David Strom//August 22, 2014

Conventional wisdom on economy is wrong

David Strom//August 22, 2014

With the campaign season heating up, Mark Dayton and the DFL are pushing the theme that happy days are here again in Minnesota.

And why not? The official unemployment rate in Minnesota is the lowest it has been since the great recession hit, and by some measures the economy has recovered. If I were running Mark Dayton’s campaign that is exactly what I would be doing.

But looked at from the perspective of the average Minnesotan, the picture isn’t quite so rosy. While it is true that the unemployment rate is low, one of the main reasons is that over the past few years a huge number of people gave up on working altogether.

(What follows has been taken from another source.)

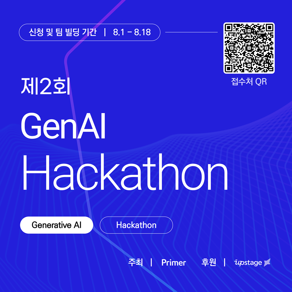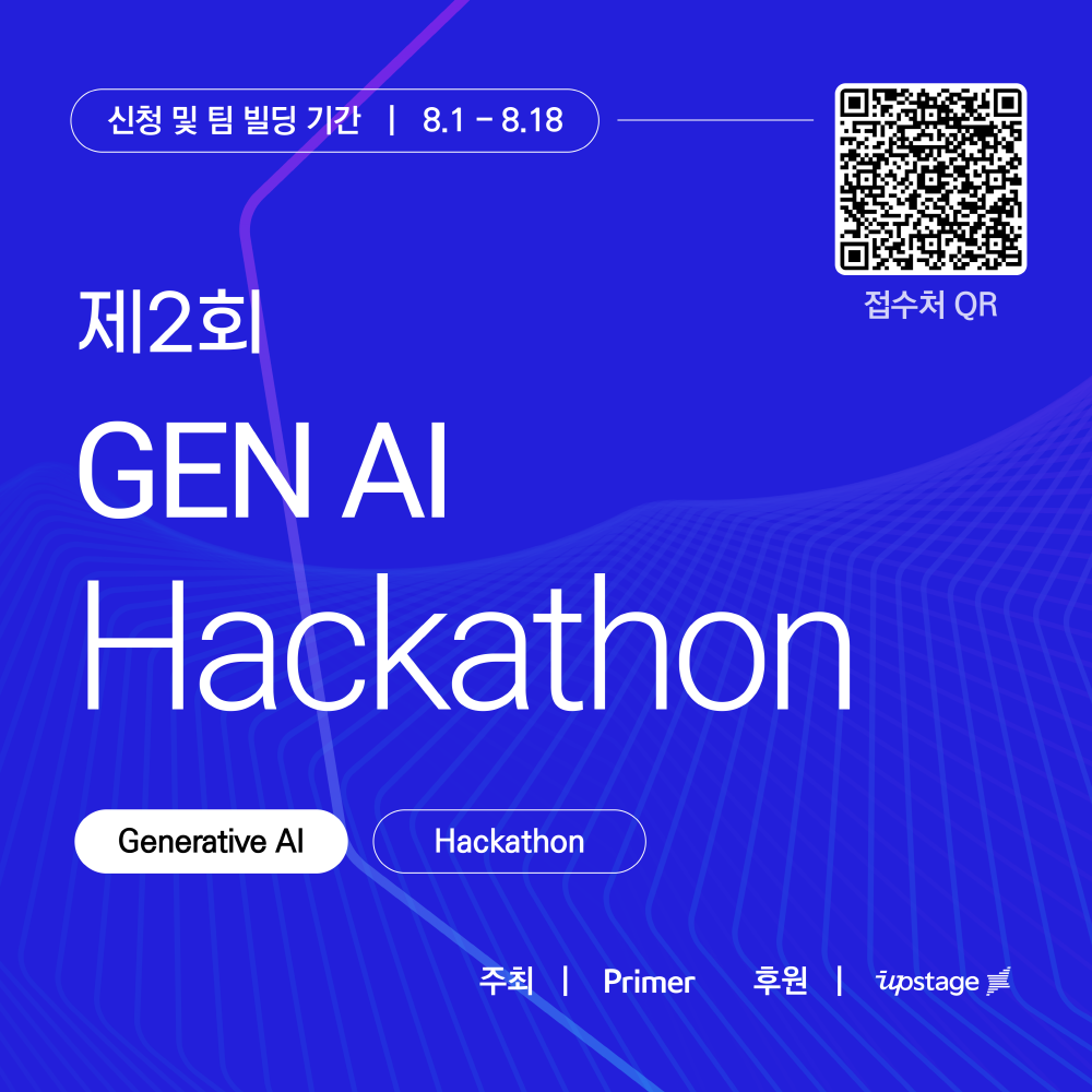 창업의 시작, 프라이머에서 ‘제2회 GenAI 해커톤’ 개최 AI 창업 활성화와 AI 인재들의 팀 빌딩의 기회의 장 입상 팀 모두에게 Solar LLM Credit $5,000과 상금 수여 참가자 전원에게 Solar LLM으로 해커톤을 할 수 있게 서비스 제공

Just a few years ago, more than 75 percent of adults in Minnesota were in the workforce. Now that number is 70.1 percent—yet that 5 percentage-point difference isn’t actually counted in the unemployment number, because unemployment only measures people “in the workforce.”

That’s thousands of people who fall into the category of “discouraged worker;” you and I probably think of them as having given up looking for work.

The last time the workforce participation rate has been this low is—you guessed it—1979, when the economy was really bad. As the economy expanded, opportunities for getting jobs and the rewards for doing so got better and better.

When that happens, more people enter the workforce.

Workforce participation peaked in the Clinton years, and slowly drifted down post 9/11. Finally, in 2006 it started rising again, as the economy recovered until the crash.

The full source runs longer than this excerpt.